Saturday, 15 June 2019

Daisy on the wall


     I had every intention of writing to you in French this month, once the final day of 'outing' had arrived, and this headache of uncertainty was put behind us. But now, surprise surprise, we get yet another extension to this brexiting madness and it is starting affect me personally, in a number of ways. Actually I have no issue with the deals or the future of this mess but it seems everyone else has and hence are sitting on their own sweaty hands instead of getting on with their lives. The holiday rental market here in France is taking a hit, with many folks really believing that if they leave the UK for a couple of weeks they won't be allowed back in! Maybe they will have to pass an IQ test first, that would surely whittle a few of them down? Then there is the property market in Scotland, with the Sturgeon's SNP vultures hovering around another post-brexit vote for independence and thus holding house prices to ransom, and my pension with it. Inevitably all this will end - although possibly not resolved - by a General Election installing yet more loonies into the asylum that is our governing body, who can then squabble their way through the next 5 years.
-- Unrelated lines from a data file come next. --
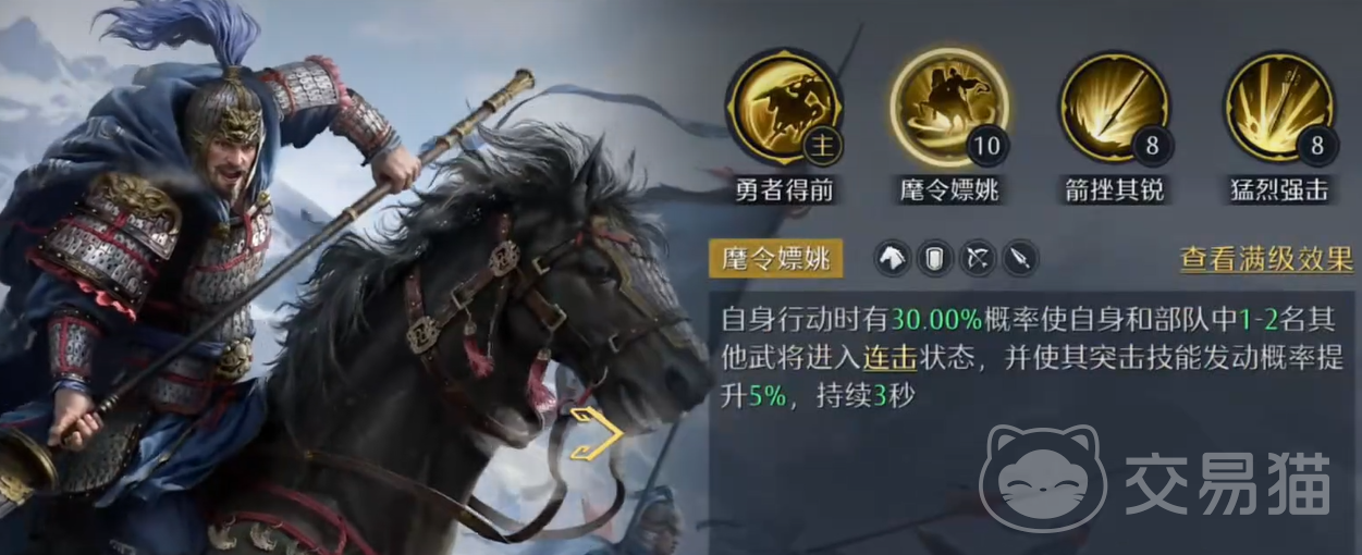 阵容战术支点在于张辽的机制革新:其被动技能现可使相邻1至2名友军获得连击状态,基础触发概率为30%;经首次进阶后提升至35%,后续强化还可再叠加10%概率上限,最终可达45%。需注意的是,该加成仅作用于连击类效果触发,不涉及突击技能的发动几率,具体固有技能叠加逻辑尚待官方进一步说明。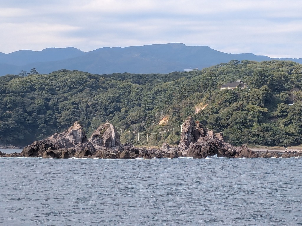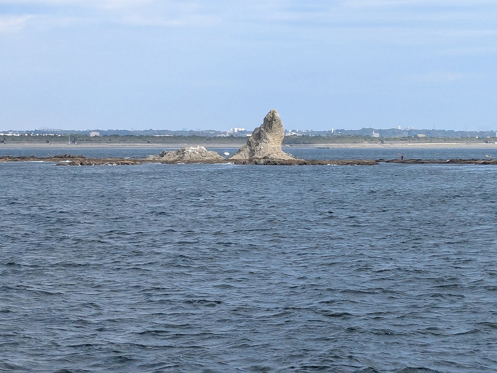 真鶴半島沖、「かながわの景勝50選」にも選定されている観光名所、三ツ石。干潮のときは歩いて渡ることもできる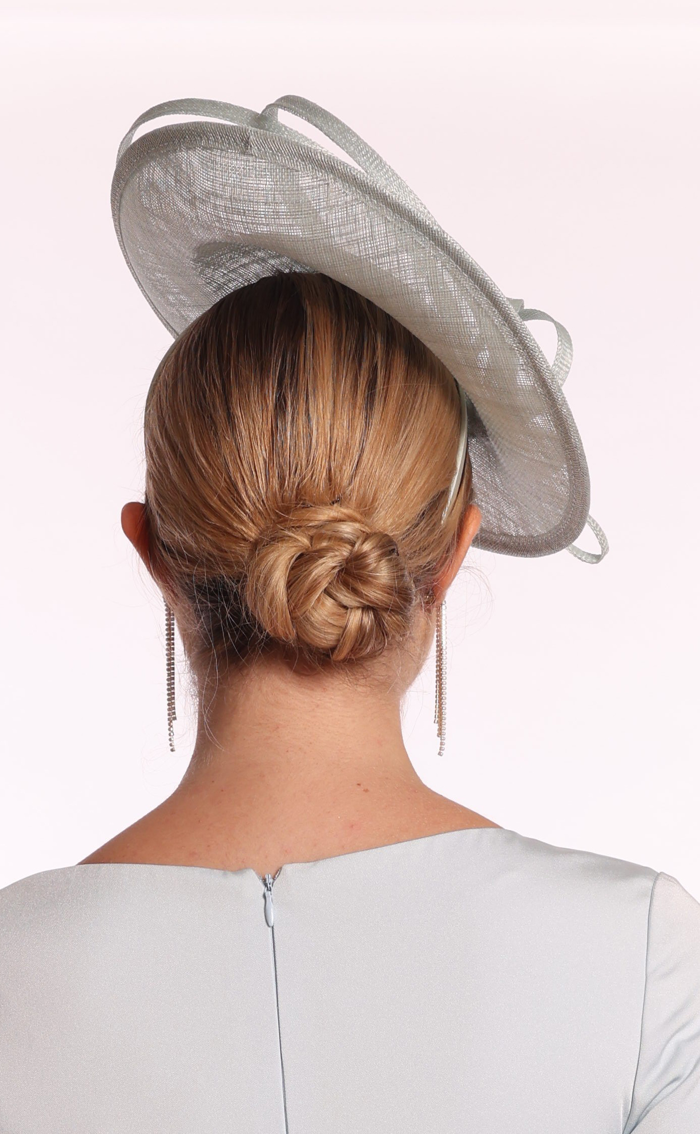 This elegant fascinator features soft tulle netting arranged in a sideward position for a stylish look. The curling detail adds a whimsical touch, while the upturned disc creates a dramatic silhouette. Finished with a discreet headband, this piece is perfect for adding sophistication to any special occasion. * Soft tulle netting * Sideward positioning * Curling detail * Upturned disc * Discreet headband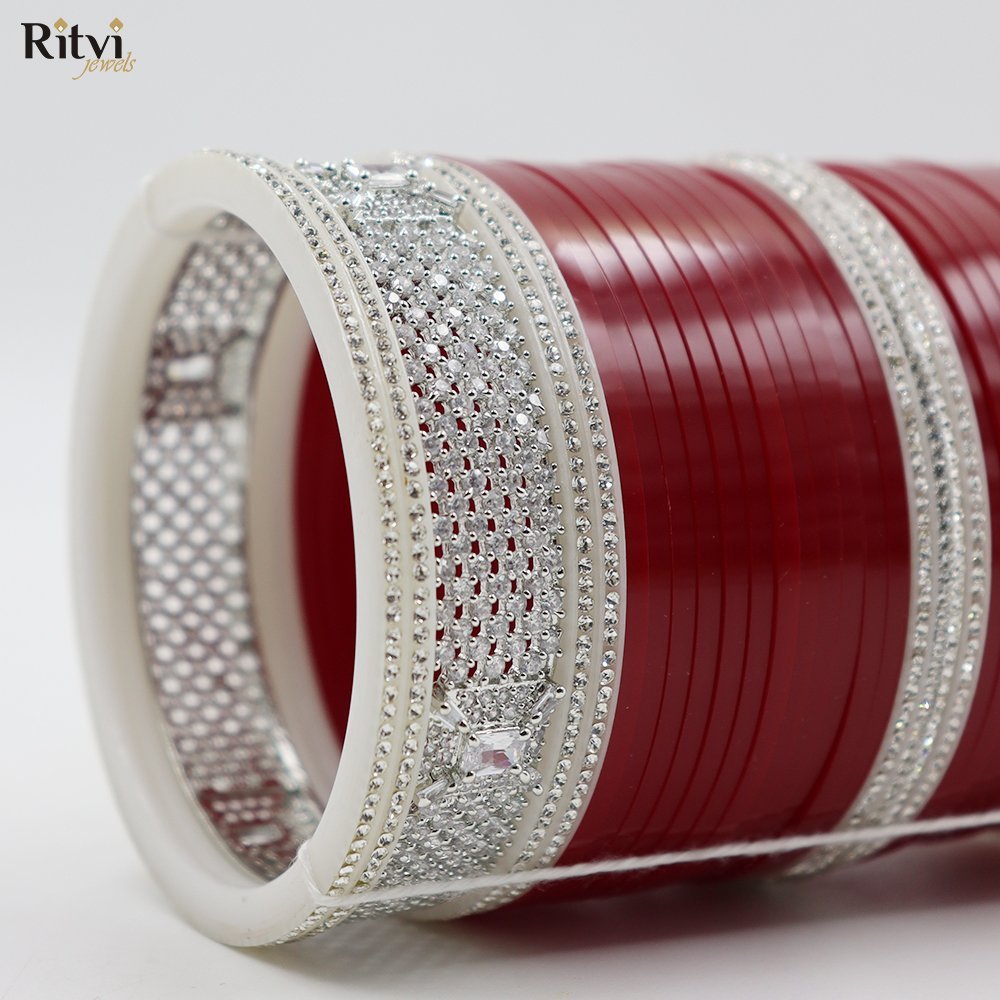Adorned with intricate silver, zircon and stone detailing. The chura symbolizes good fortune, happiness, and a prosperous married life. The design reflects simple and elegant to highly ornate, reflecting cultural richness and personal style.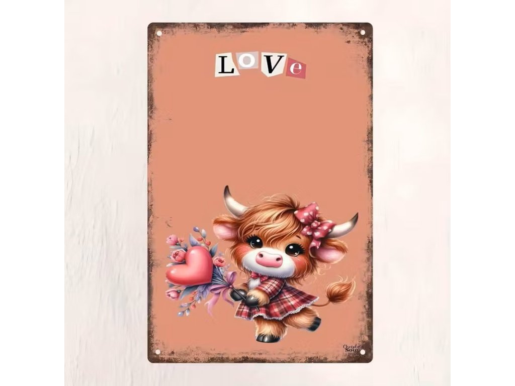 2D plechová cedule Kravička se srdíčkem 20 x 30 cm
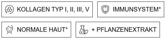 Esser: Hydrolysiertes Rinderkollagen, Kapselhülle [Rindergelatine, gereinigtes Wasser, Farbstoffe (Eisenoxide und Eisenhydroxide)], Glucosaminsulfat Kaliumchlorid (aus Krustentieren)/u>), Methylsulfonylmethan (MSM), Calciumcarbonat, Magnesiumoxid, L-Ascorbinsäure, Trennmittel (Magnesiumsalze von Speisefettsäuren), Chondroitinsulfat, Kurkuma (Curcuma longa L.) 45:1-Wurzelextrakt, Natriumhyaluronat, DL-Alpha-Tocopherylacetatpulver, schwarzer Pfeffer (Piper Nigrum) 50:1-Fruchtextrakt, Chrompicolinat.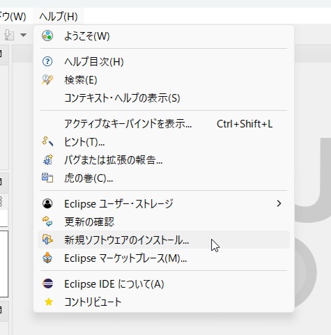 eclipseメニューの[ヘルプ]→[新規ソフトウェアのインストール…]を選択します。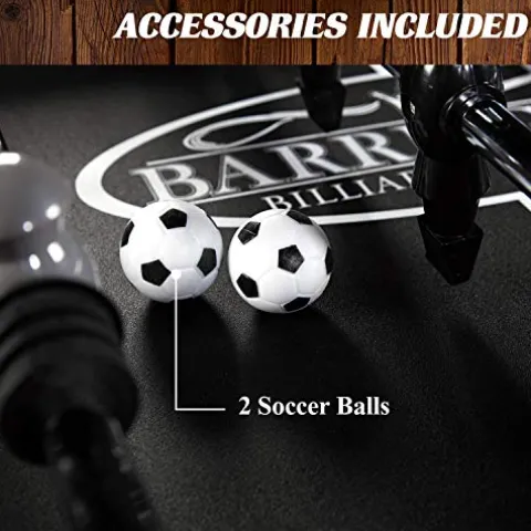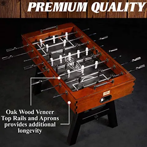- COMPETITIVE SIZE FOOSBALL TABLE: Prepare for fierce competition. This 56” gaming table has a spacious 46.75″x26.5″ playfield. Its sturdy construction and wooden-style paneling ensure it’s not just a game table but a decorative centerpiece in any game room.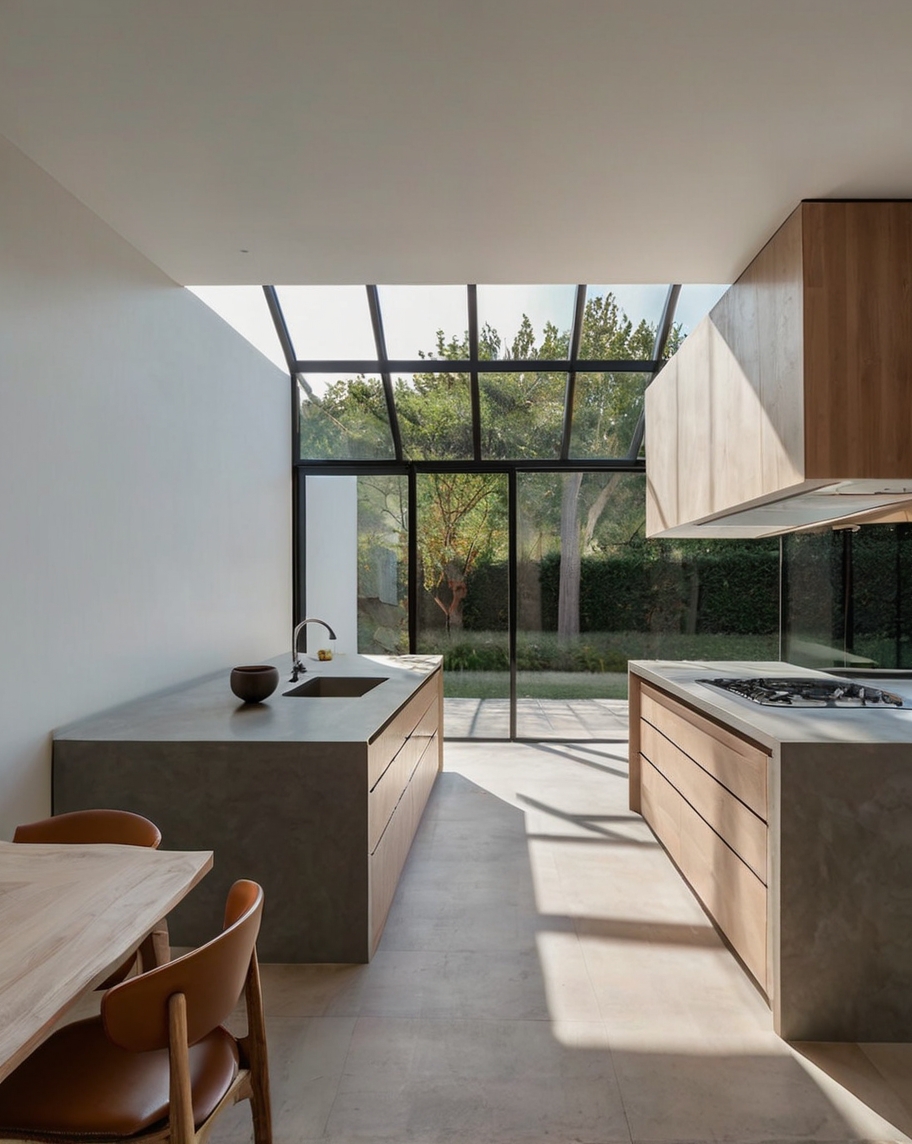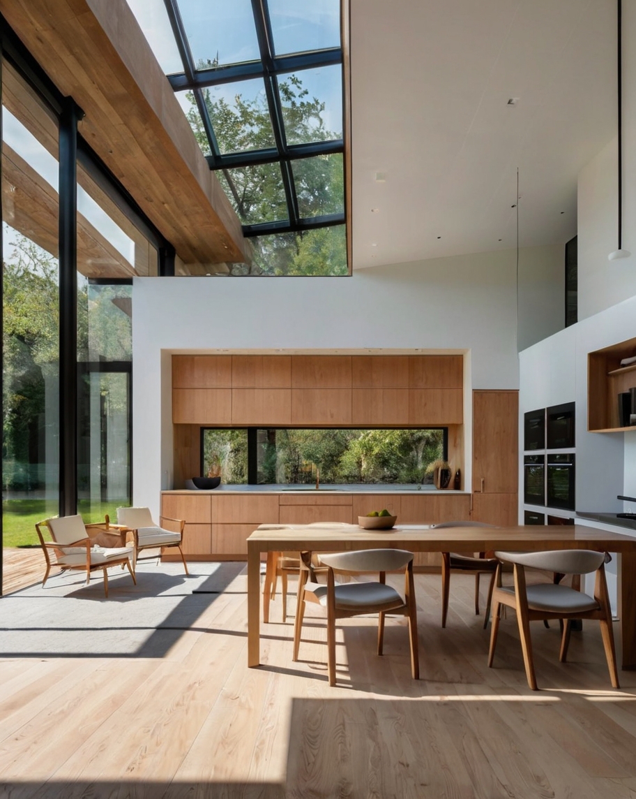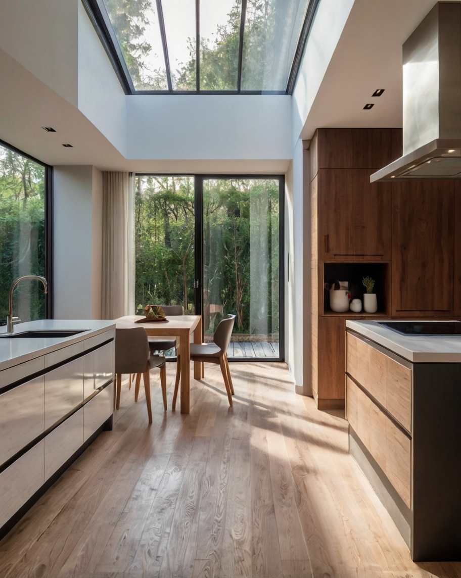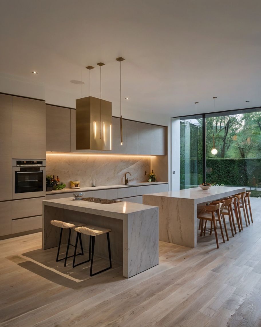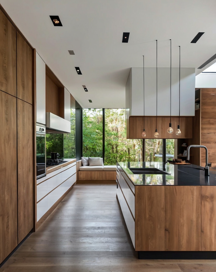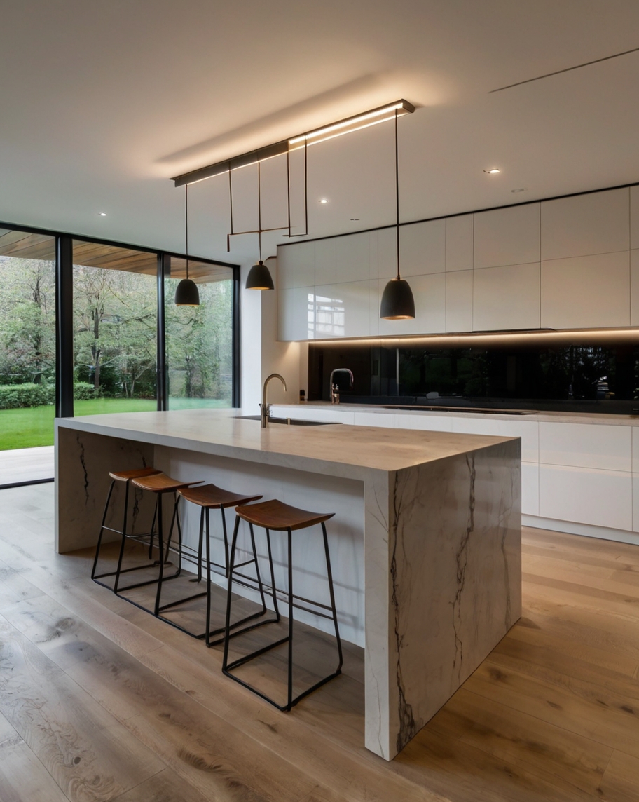 Additionally, it allows for a variety of design elements, such as open shelving, breakfast bars, or additional seating.

     However, if we think our autonomous voting system is somewhat complicated, spare a thought for Indonesia who are also just re-electing their government, with somewhere in the region of quarter of a million candidates to choose from! Within just 5 hours, a monumental 25,000 MPs will be appointed into power. Imagine them all debating the price of Marmite? And think of their expenses as they travel 3000 miles across the country from their constituency, partly by canoe! But the thing is, if the hot favourite known as 'Joko', (no joke) a former furniture salesman, gets elected as president, the people will actually listen to him and believe him because it was them who put him there. He will make decisions on behalf of his 200 million voters, backed-up by his large cabinet, so they can carry on with their day tilling the fields or catching fish, safe in the knowledge that someone is actually in charge who knows what they are doing. That, my friends, is the definition of democracy in its infancy, before it got polluted by idiots!
     Right, enough of politics, let's get on to the more serious subject of why Americans all have such stupid names! Yes, I am sure I have raised this issue many times before but, usually around the time of the US golf major tournaments, it still gets my goat. Let's start with that happy-chappy who just won a major tournament, after a 10 year absence, Tiger. No wonder he's miserable, his mother named him after a wild animal, for god's sake! Then we have Brooks Keopka, Xander Souffle and Bryson DeChambeau. What is going on here? It's not like actors who make up names so they can be instantly recognised - these people are for real, i.e. that is a name given to them at birth. What sort of a parent would look at their one hour-old baby and say, 'ah yes, he looks just like a Bryson'? Well here's the latest new kid on the block: a 23 year old from Sacramento named 'Cameron Champ'! Surely, if your surname is Champ, there is only one Christian name you could possibly consider for your first born? 'World!'
     Meanwhile back on planet Earth, spring is rapidly turning to summer here in South West France and we really really could do with a drop of rain, as I have 7 acres of newly planted grass seeds that need watering before they shrivel up like a beetle's scrotum! I don’t have a rain gauge but I would suggest that this part has seen barely a few millimetres of it since February and it is getting mighty dusty. Now, before all you eco-warriors start pointing the finger of suspicion at global-warming, this time last year we had so much of the stuff that we could only visit the sheep fields in thigh-length rubber waders. And anyway, it's not even that warm as last night we had a frost, in mid April, which did wonders for our geraniums, not! Well, just to check that annual opposites are not the basis for an argument on climate change, I did a quick check on Google and am now much wiser on the subject as I found this definition: 'effects warming of the ocean surface, leading to increased temperature stratification.'  Thanks guys. Using big words invariably makes you sound reverberant!
    Finally, this week saw the return of that bissum that is Daisy Death-wish, now in her eighth year. Being the sole survivor of the sale of the adult portion of our flock last autumn, she has been residing at someone else's place through the winter adding the bonus of a lamb sometime around mid February. I have to admit, for such an ugly old brute, the lamb is quite an acceptable specimen. Well, due to a chance contact with an old girlfriend who used to live in Far Forest but is now in Holland, Daisy has now taken one step nearer to the bovine Hall-of-fame and been painted in watercolour. I believe Daryl has captured the creature's spirit quite remarkably.